Exercise objective: Before copying, set aside the pictures; then restate exactly the lines from the one with "Digestíssimoh! es un" through the last line of the records.
═══ Exercise material ═══
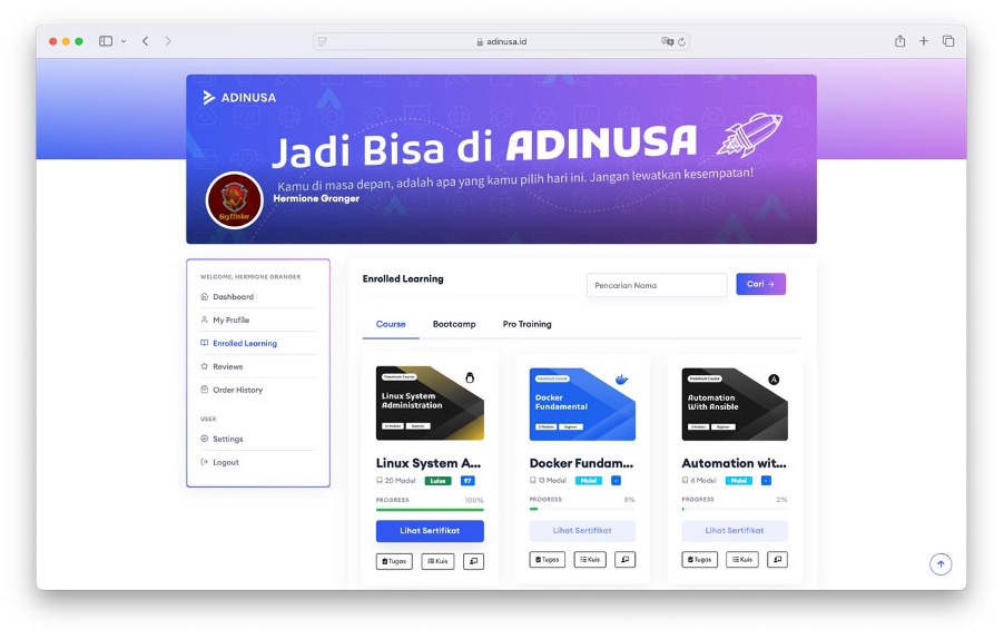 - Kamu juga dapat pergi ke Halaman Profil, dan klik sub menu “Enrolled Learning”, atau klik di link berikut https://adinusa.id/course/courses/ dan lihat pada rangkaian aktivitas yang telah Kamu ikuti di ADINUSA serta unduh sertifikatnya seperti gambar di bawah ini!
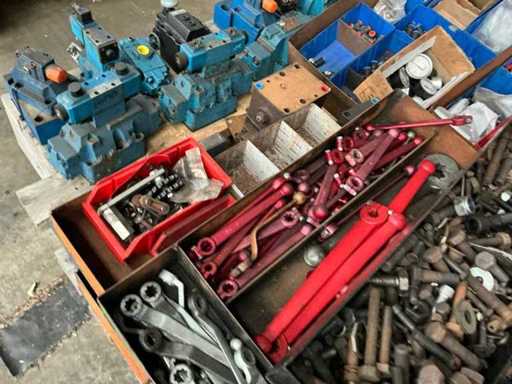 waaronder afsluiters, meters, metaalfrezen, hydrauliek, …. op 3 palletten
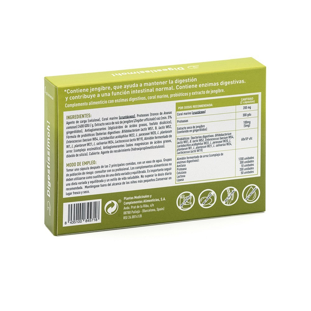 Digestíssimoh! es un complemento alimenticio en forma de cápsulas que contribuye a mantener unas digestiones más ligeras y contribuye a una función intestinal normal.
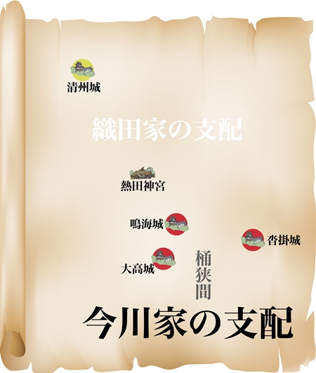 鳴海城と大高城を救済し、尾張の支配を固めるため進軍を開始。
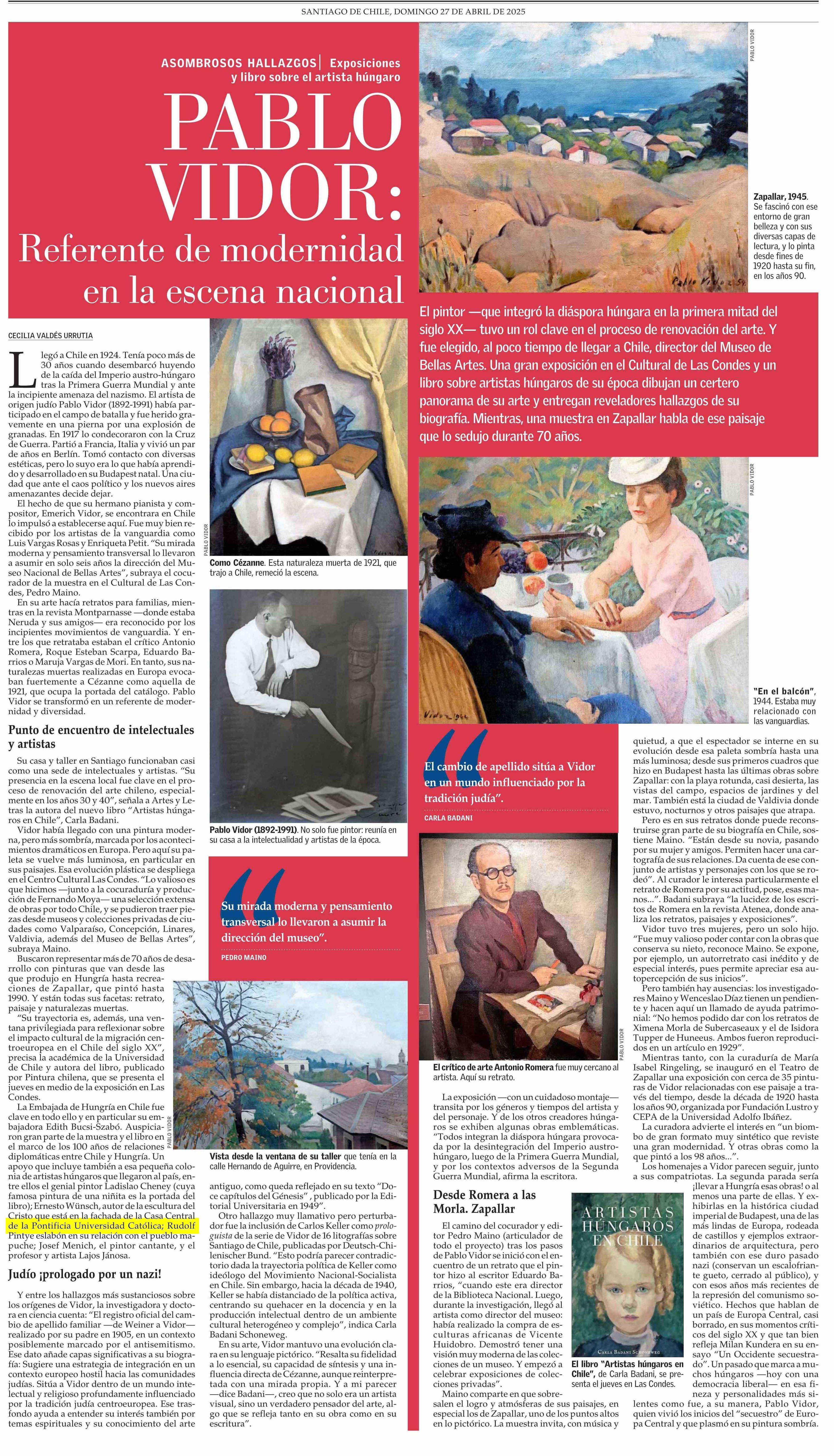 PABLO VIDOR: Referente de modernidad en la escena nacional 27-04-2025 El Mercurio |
═══
Task result:
 Digestíssimoh! es un complemento alimenticio en forma de cápsulas que contribuye a mantener unas digestiones más ligeras y contribuye a una función intestinal normal.
 鳴海城と大高城を救済し、尾張の支配を固めるため進軍を開始。
 PABLO VIDOR: Referente de modernidad en la escena nacional 27-04-2025 El Mercurio |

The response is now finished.